Provable Benefit of Random Permutations over Uniform Sampling in Stochastic Coordinate Descent
We prove that using indices from random permutations for coordinate descent (RPCD) is provably faster than using uniformly sampled indices (RCD) for a subclass of positive definite quadratic functions.
摘要
评审与讨论
The paper considers coordinate descent with updates performed on iid coordinates (RCD) versus coordinates chosen by random permutation (RPCD). The permutation updates are empirically known to outperform the iid baseline, but this has lacked theoretical justification. The main result of the paper proves the RPCD method converges faster than RCD for a class of quadratic objectives with constraints on the quadratic form.
给作者的问题
N/A
论据与证据
The claims are well supported by simple experiments measuring convergence and solid proofs.
方法与评估标准
The evaluations generally make sense for the setting. One area somewhat under explained is section 4.1 in particular the algorithm to search for ‘difficult’ PSD matrices and section 4.2 where the log-sum-exp term is included for some of the experiments. Both sections would benefit from a bit more explanation; why is that algorithm a better candidate for generating hard quadratic programs than any other matrix distribution? When the authors write that the log-sum-exp terms make the loss less coordinate-friendly, is there a reference or quick explanation they could give for why this should be especially difficult for these algorithms? Intuitively I can look at this function as very non-separable and guess that coordinate descent would have slower convergence, but the plots in Table 3 with or without the LSE terms appear almost identical. I should mention I quite like this section for trying to give empirical ways to stress test the authors' hypothesis.
理论论述
The results appear correct, I mainly confirmed the analysis in the appendix up to page 19, although I didn’t go through all the details of the very technical followup chasing polynomial root identities.
实验设计与分析
Yes
补充材料
Yes, see above
与现有文献的关系
The paper seems to improve on earlier bounds at the expense of stricter assumptions. I can appreciate why the problem is difficult as analyzing RPCD requires evaluating n gradient updates at a time. The trick of (essentially) constraining the class of Hessians to the two-dimensional space of matrices invariant to conjugation by permutation makes sense, although it is quite limiting for the problem.
遗漏的重要参考文献
N/A
其他优缺点
N/A
其他意见或建议
N/A
We appreciate the valuable questions and comments, and we express our gratitude for the positive feedback and recognizing the novelty of our work.
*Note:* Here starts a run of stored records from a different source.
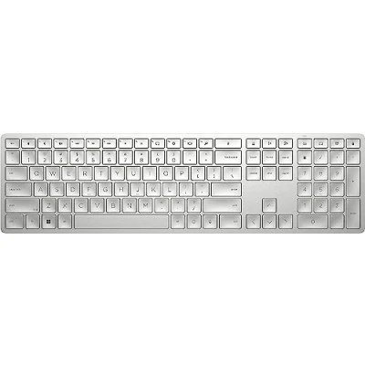 HP 970 Programmable Wireless Keyboard Bluetooth, 2.4 GHz Wireless, SMART Backlit, 20+ Keys, HPAC, AES 128 Encryption, Connect Up to 3 Dev, Rechargeable, 6 months Battery Life Silver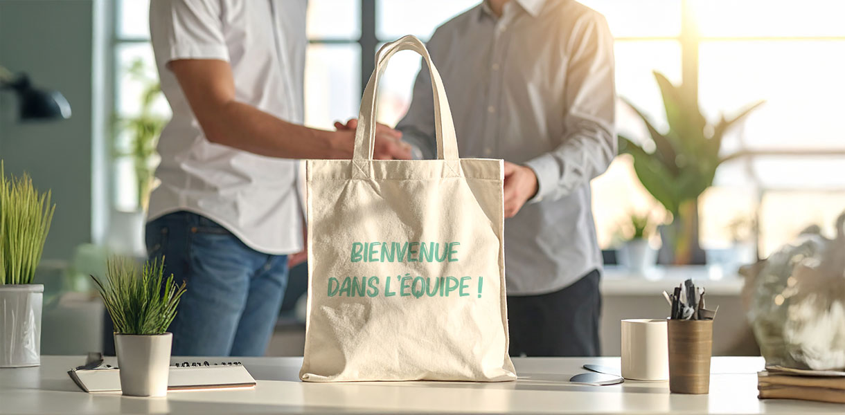 Un tote bag d’entreprise personnalisé, posé sur le bureau d’accueil d’un nouvel employé, mettant en avant le kit d’onboarding et les engagements RSE.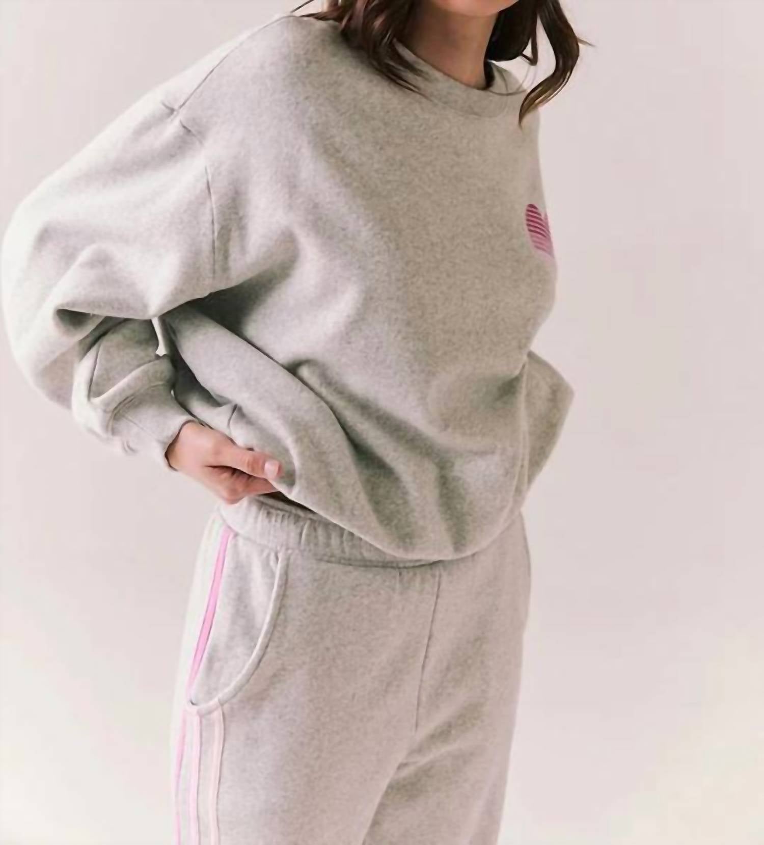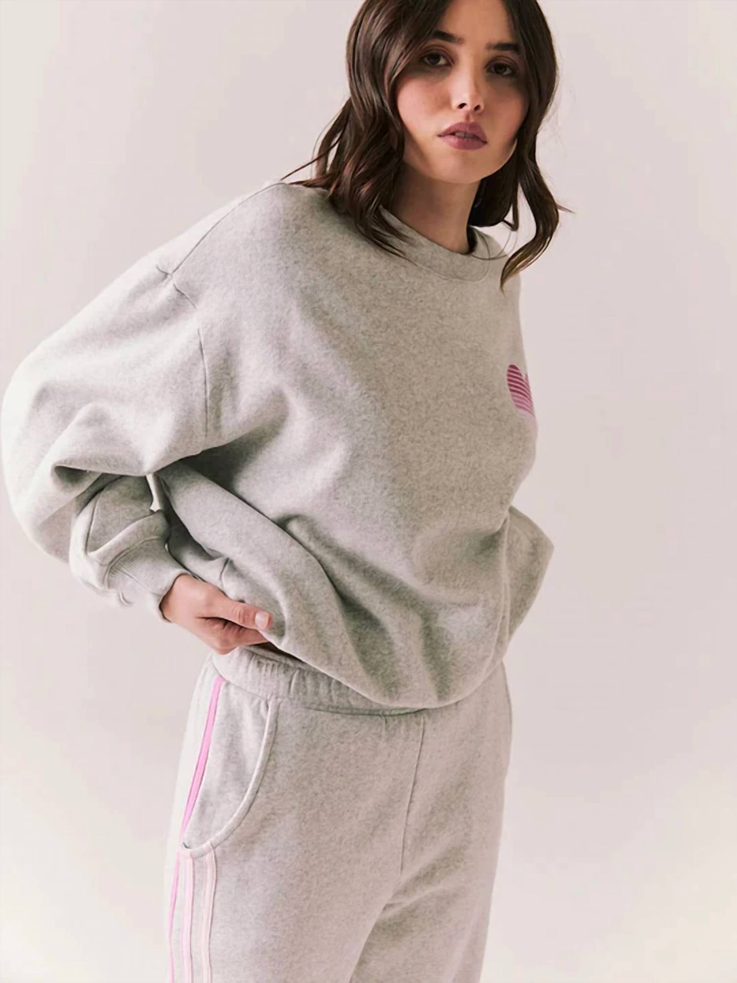 The perfect pant for running around town and looking cool while doing it. The sweatpants are light grey, featuring a wide-leg or relaxed fit and a ribbed waistband. Some similar styles incorporate a subtle design element, like the faint pink lines visible on the lower cuff of the sweatpants.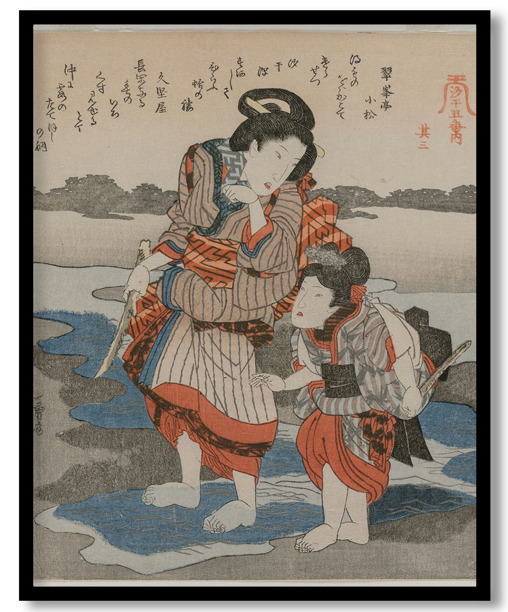 Third Print from A Low Tide Pentaptych by Utagawa Kuniyoshi (1830)

We provide detailed responses to the questions below.
Methods And Evaluation Criteria
The evaluations generally make sense for the setting. One area somewhat under explained is section 4.1 in particular the algorithm to search for ‘difficult’ PSD matrices and section 4.2 where the log-sum-exp term is included for some of the experiments. Both sections would benefit from a bit more explanation; why is that algorithm a better candidate for generating hard quadratic programs than any other matrix distribution? When the authors write that the log-sum-exp terms make the loss less coordinate-friendly, is there a reference or quick explanation they could give for why this should be especially difficult for these algorithms? Intuitively I can look at this function as very non-separable and guess that coordinate descent would have slower convergence, but the plots in Table 3 with or without the LSE terms appear almost identical. I should mention I quite like this section for trying to give empirical ways to stress test the authors' hypothesis.
- To elaborate on the Algorithmic Search part in Section 4.1, this method works by using a scipy optimizer (as in Step 4) to maximize the value , while Steps 1–3 ensure that the matrix is generated to be inside the desired function class (unit-diagonal PSD with fixed ). The worst case examples are likely to be in a (Lebesgue) measure zero set, which motivated us to use such an optimization approach rather than sampling-based methods. We will add a more detailed explanation in our next revision.
- For the quadratic+LSE experiments in Section 4.2, we would like to clarify that our purpose of using the LSE term was to simply construct a non-quadratic example; it is not specially designed as a hard instance for CD algorithms, while we did add the orthogonal matrix to see if random permutations are beneficial for the 'non-coordinatewise-separable' cases as well.
- We also conducted experiments expanding the range of up to 100 in the quadratic+LSE setting. Across all experiments, RPCD consistently converged faster than RCD. However, convergence slowed with increasing . However, the performance gap between RPCD and RCD narrowed as increased. (You may also refer to our response to reviewer gqcX.)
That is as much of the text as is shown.